1674509538 Conservative lawyers denounce the decay of the political system

Conservative lawyers denounce the decay of the political system

People's Party leader Alberto Núñez Feijóo (in the background, center) and People's Party Secretary-General Cuca Gamarra (right) at the close of the Parliament session on Rule of Law Guarantees.  ', in the Congress of Deputies, this Monday.People’s Party leader Alberto Núñez Feijóo (in the background, center) and People’s Party Secretary-General Cuca Gamarra (right) at the close of the Parliament session on Rule of Law Guarantees. ‘, in the Congress of Deputies, this Monday. Fernando Sanchez (Europa Press)

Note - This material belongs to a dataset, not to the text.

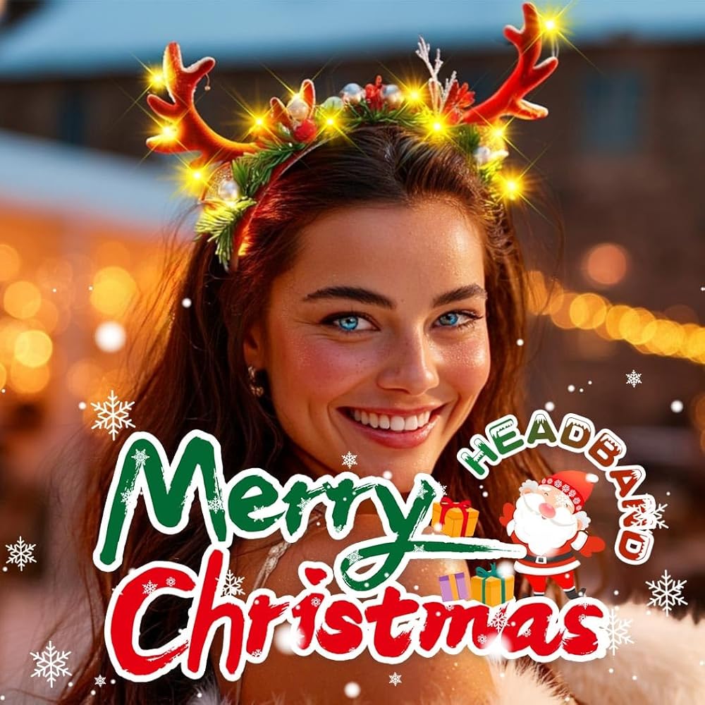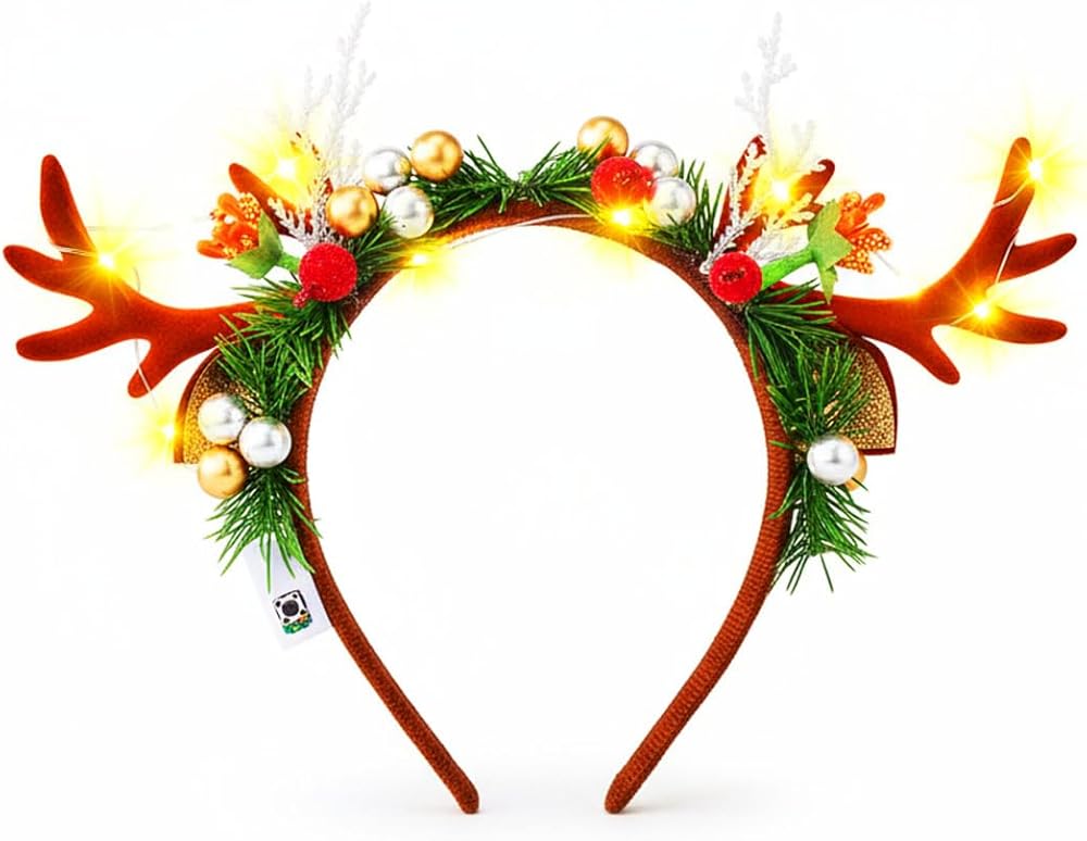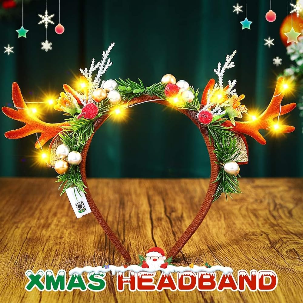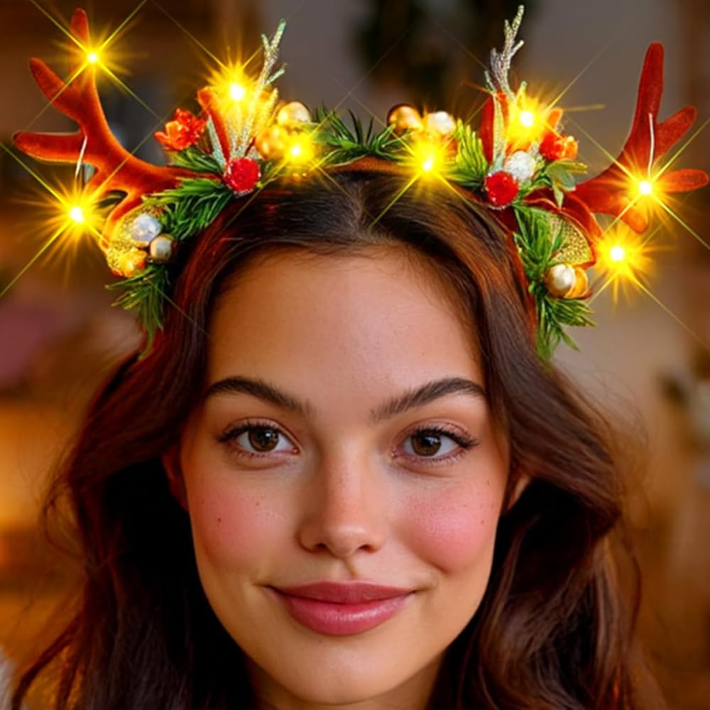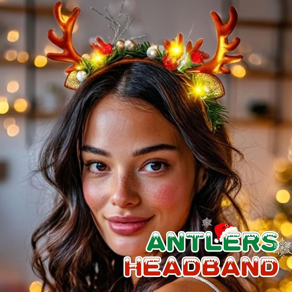 عقال ملون. تخلق عصابات الرأس المزودة بقرون الرنة المزودة بتقنية LED توهجًا ساحرًا وسحريًا يضبط مزاج العطلة على الفور.
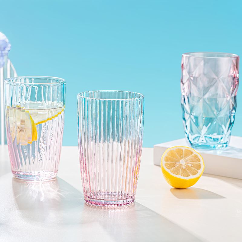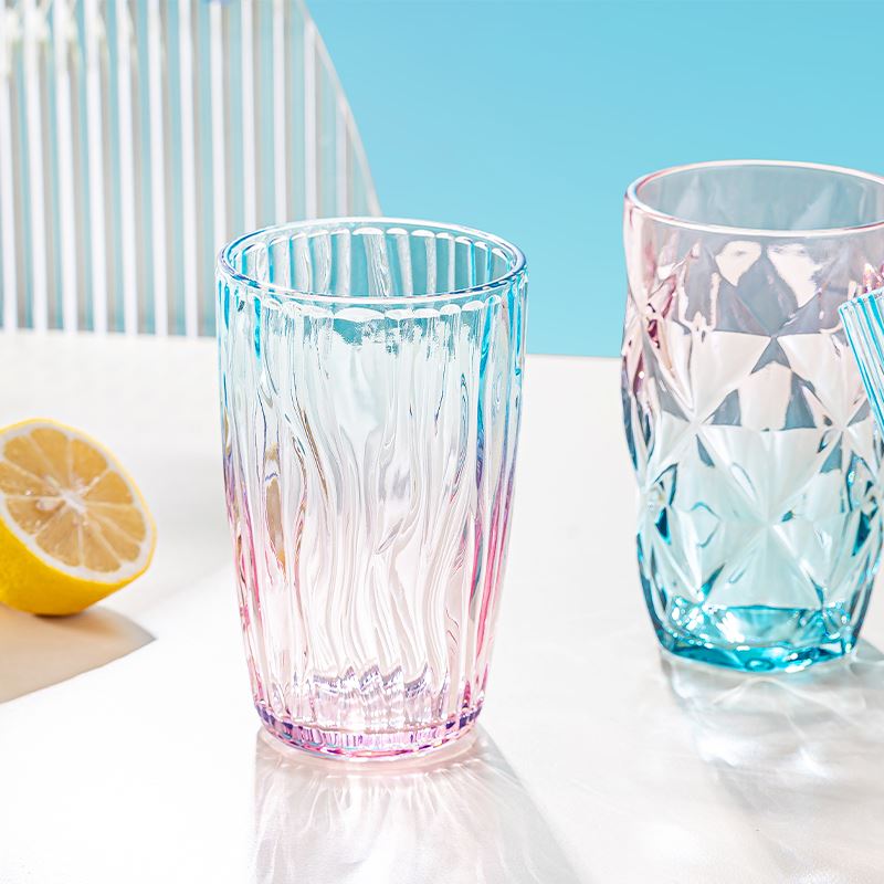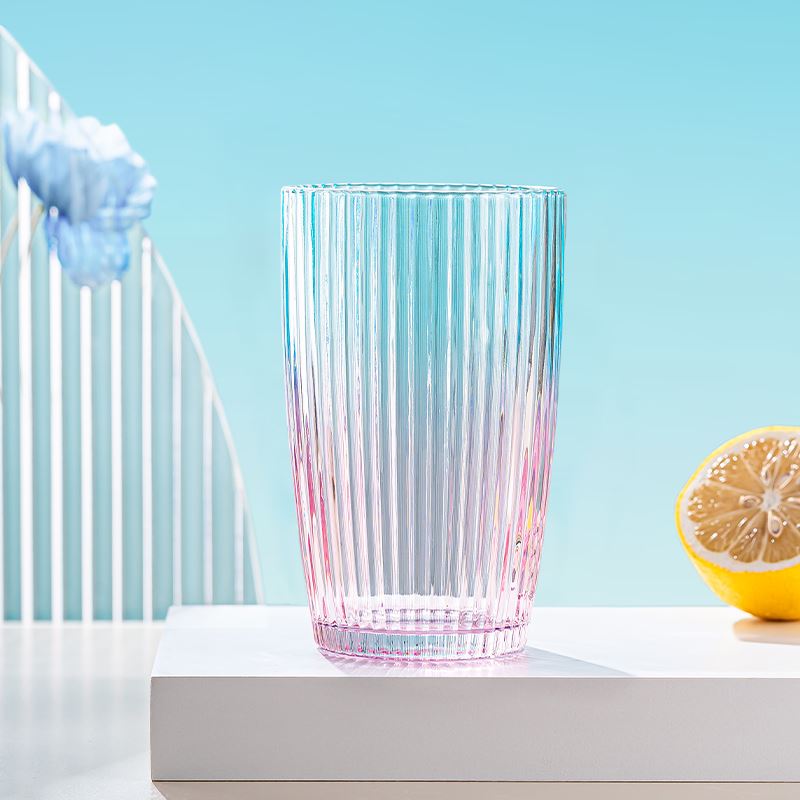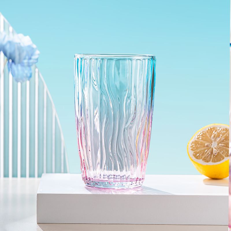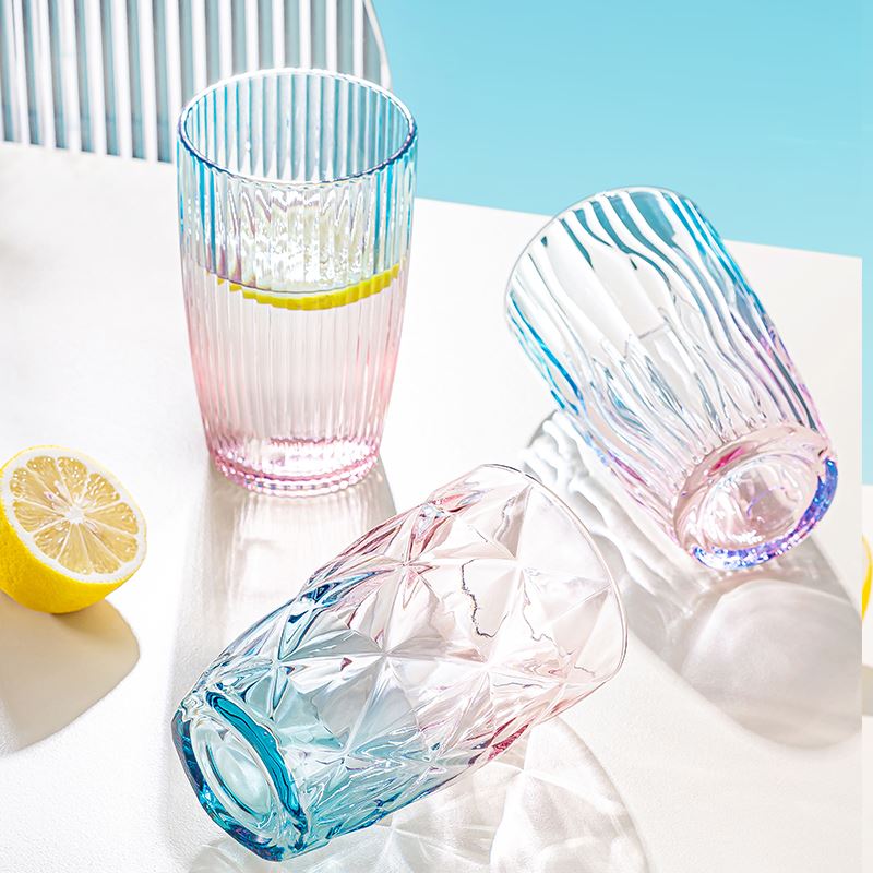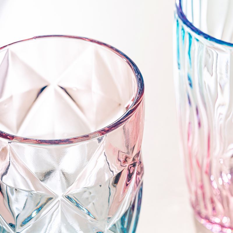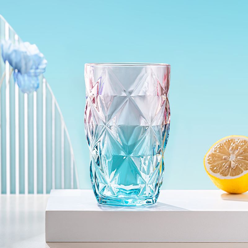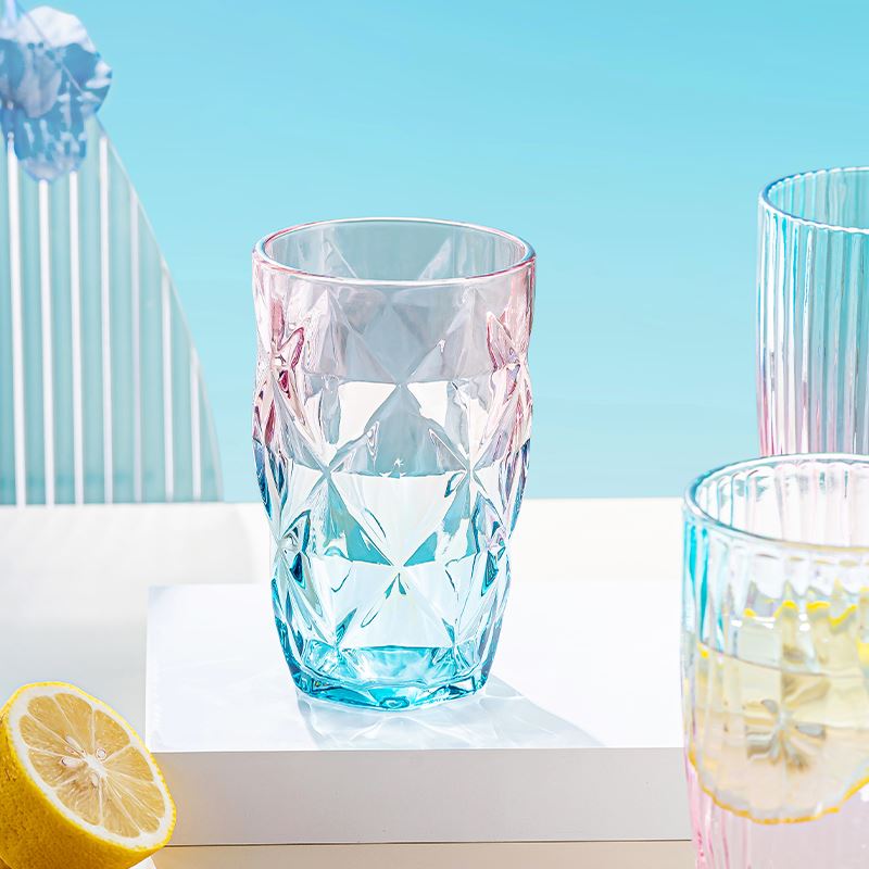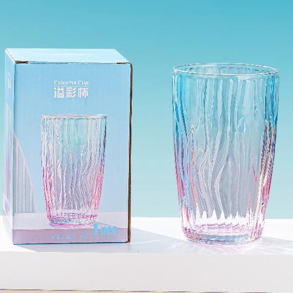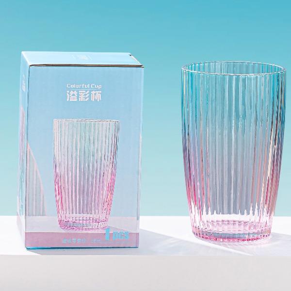 货号:YC/L1 溢彩杯(钻石纹/竖纹/水波纹) 规格:48套 组合:玻璃杯*1(杯口径8.2 cm 高13.8cm 底径:6cm) 容量:480ml 产品卖点:生活需要彩色,为你点亮每一个日常,溢彩玻璃杯三种款式供你挑选,钻石纹仿若将璀璨星光凝于杯身,每一次举杯,都似握住了熠熠光芒,尽显精致格调;竖纹简约而不失优雅,线条流畅,宛如灵动的音符在杯壁跳跃,为生活奏响美妙旋律;水波纹则如春日湖面泛起的涟漪,清新自然,带来丝丝灵动与惬意 彩盒尺寸:8.9*8.9*14.2CM 外箱尺寸:55.8*37.6*30.2CM 重量:20.9KG

The PP organized this Monday a conference entitled “Guarantees of the Rule of Law” in the Congress of Deputies, which, led by jurists from the parliamentary and constitutional branches, became an act of denouncing the deterioration of the abusive practices of successive governments, which in particular repeat in the current legislature.

Former Constitutional Court judge Manuel Aragón chaired the first part and sounded the alarm about the “institutional decay” registered in several countries, even in some “old democracies”. The closing ceremony was chaired by PP leader Alberto Núñez Feijóo, who summed up the jurists’ complaints as a sign of social responsiveness, because everywhere “citizens oppose the motley autocrats”.

Feijóo declared himself a “grateful student” of the jurists Manuel Aragón, Encarnación Roca, Ramón Rodríguez Arribas, Benigno Pendás or Luis María Cazorla, specialists in the aforementioned subjects, who followed each other to criticize the loss of the democratic quality of the constitutional system of the Abuse of power, not only of the executive but also of the parliamentary majorities. The recent standoff between Congress and the Constitutional Court over the very precautionary measure requested by the PP and granted by the Court to halt the legislative process to reform the Penal Code to suppress the crime of sedition and modify embezzlement downwards. But they all avoided making the episode the axis of their intervention. Feijóo, in turn, combined the legal with the political to underline that attempts are being made “to undermine the functioning of the institutions”, adding that “there is an anomaly in the behavior of the current leaders, in that no social democracy has them the rudiments.” taken over by the independentistas and the populists”.

Aragon, in turn, pleaded for a non-political judiciary, which also should not happen in the constitutional law, which has a legal way because it has “rules of interpretation” that must always be legal. Other interventions indicated some concern about the recent replacement of the Guarantee Office. For example, former vice-president of the Constitutional Court Ramón Rodríguez Arribas stated that he had remained “very calm, well, calm,” he said after hearing the court’s new president say that the constitution does not allow for secession, self-determination, or independence.

Encarna Roca, in turn, recalled the well-known phrase of the first President of the Constitutional Court, Manuel García Pelayo, when he declared that the Guarantee Court is “a political court” but “acts with legal rules”. And he resorted to another quote in the sense of having to guarantee that “the executive branch does not own the legislature” to explain that “this statement was the one that caused me to pass the judgment on the state of alarm.” support”, a ruling that quashed government-approved decrees to deal with the health emergency due to the Covid-19 pandemic.

For his part, Benigno Pendás, President of the Royal Academy of Morals and Political Sciences, stressed that “to care for Parliament is to care for democracy” and warned that since an initial ruling in 1985, the Guarantee Court has made it clear that an “amendment of the Chamber’s will” due to deficiencies in the legislative procedure can lead to the determination of the unconstitutionality of the procedure carried out.